Task instructions:
Take the lines from the one with "PTC keramički grejni" through the last line of the material below and write them out exactly, without any pictures.

Given material:

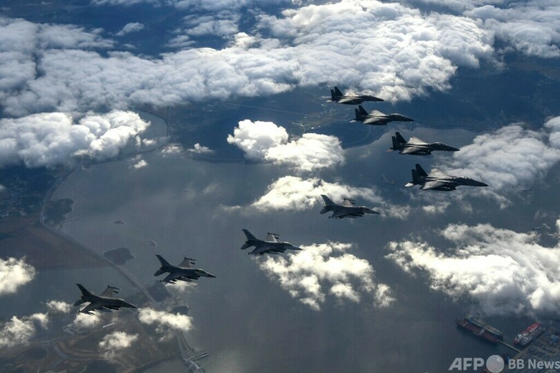 【10月4日 AFP】(写真追加)韓国軍は4日、北朝鮮が中距離弾道ミサイルを発射し日本の上空を通過した問題を受けて、米軍と共に精密爆撃訓練を実施したと発表した。
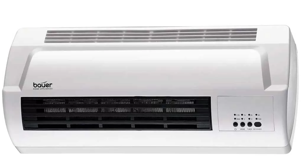 PTC keramički grejni element. Od opcija nudi: ventilator, topao vazduh, vruć vazduh, daljinski upravljač, zaštitu od pregrevanja i tajmer.
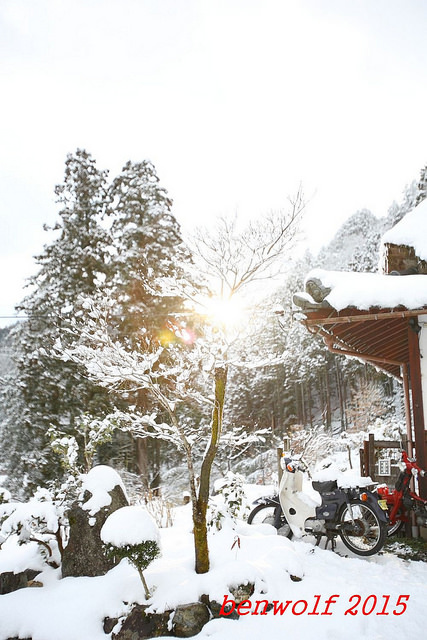 在這範圍不大的美山村走了好一陣子,總算找到投宿的龍門客棧,才讓我新買的皮鞋免於浸水之苦,也在主人的招呼下,換上長筒雨靴,即將這段的好自在雪中行…

Answer to this exercise:
 PTC keramički grejni element. Od opcija nudi: ventilator, topao vazduh, vruć vazduh, daljinski upravljač, zaštitu od pregrevanja i tajmer.
 在這範圍不大的美山村走了好一陣子,總算找到投宿的龍門客棧,才讓我新買的皮鞋免於浸水之苦,也在主人的招呼下,換上長筒雨靴,即將這段的好自在雪中行…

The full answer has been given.